#### Recorded information
-- Opening Marker --

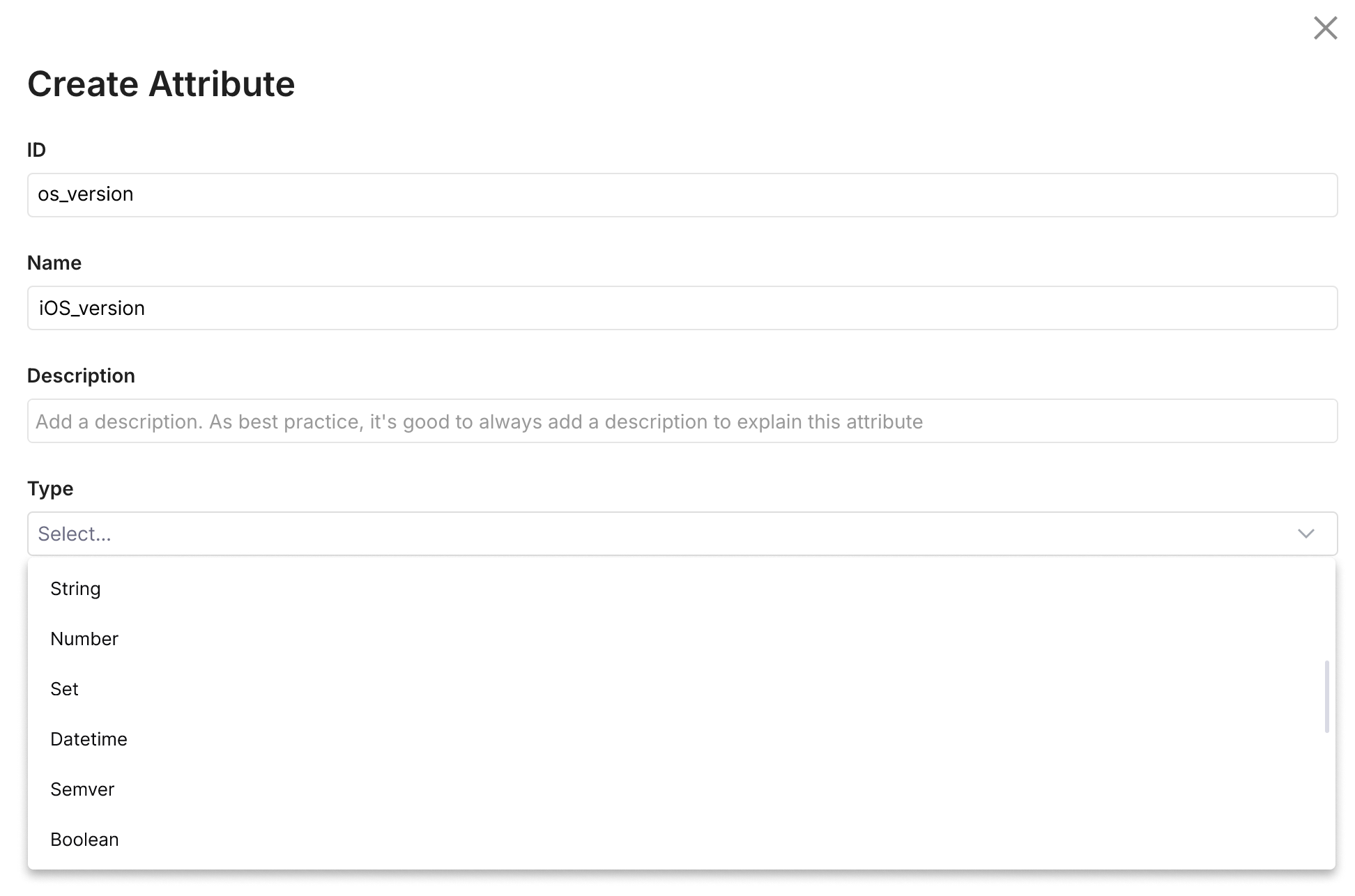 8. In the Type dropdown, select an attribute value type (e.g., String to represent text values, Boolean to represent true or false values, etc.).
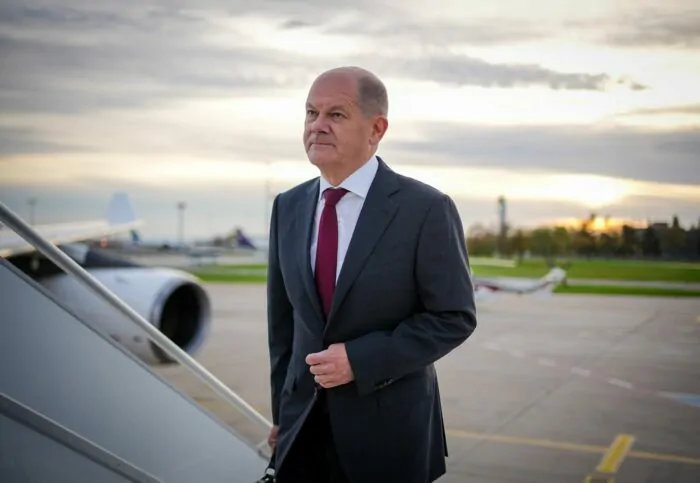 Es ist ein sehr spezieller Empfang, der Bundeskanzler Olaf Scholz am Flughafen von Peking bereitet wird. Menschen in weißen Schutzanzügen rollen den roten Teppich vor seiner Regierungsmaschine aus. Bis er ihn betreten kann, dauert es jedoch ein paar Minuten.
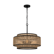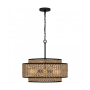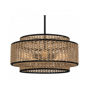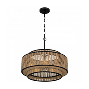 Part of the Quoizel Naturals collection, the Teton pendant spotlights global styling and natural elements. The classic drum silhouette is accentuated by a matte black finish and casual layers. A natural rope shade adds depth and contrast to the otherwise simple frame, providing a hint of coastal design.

-- Closing Marker --

#### Task details
Give back the whole listing as it stands, minus its pictures.

#### Reply to the exercise
 8. In the Type dropdown, select an attribute value type (e.g., String to represent text values, Boolean to represent true or false values, etc.).
 Es ist ein sehr spezieller Empfang, der Bundeskanzler Olaf Scholz am Flughafen von Peking bereitet wird. Menschen in weißen Schutzanzügen rollen den roten Teppich vor seiner Regierungsmaschine aus. Bis er ihn betreten kann, dauert es jedoch ein paar Minuten.
 Part of the Quoizel Naturals collection, the Teton pendant spotlights global styling and natural elements. The classic drum silhouette is accentuated by a matte black finish and casual layers. A natural rope shade adds depth and contrast to the otherwise simple frame, providing a hint of coastal design.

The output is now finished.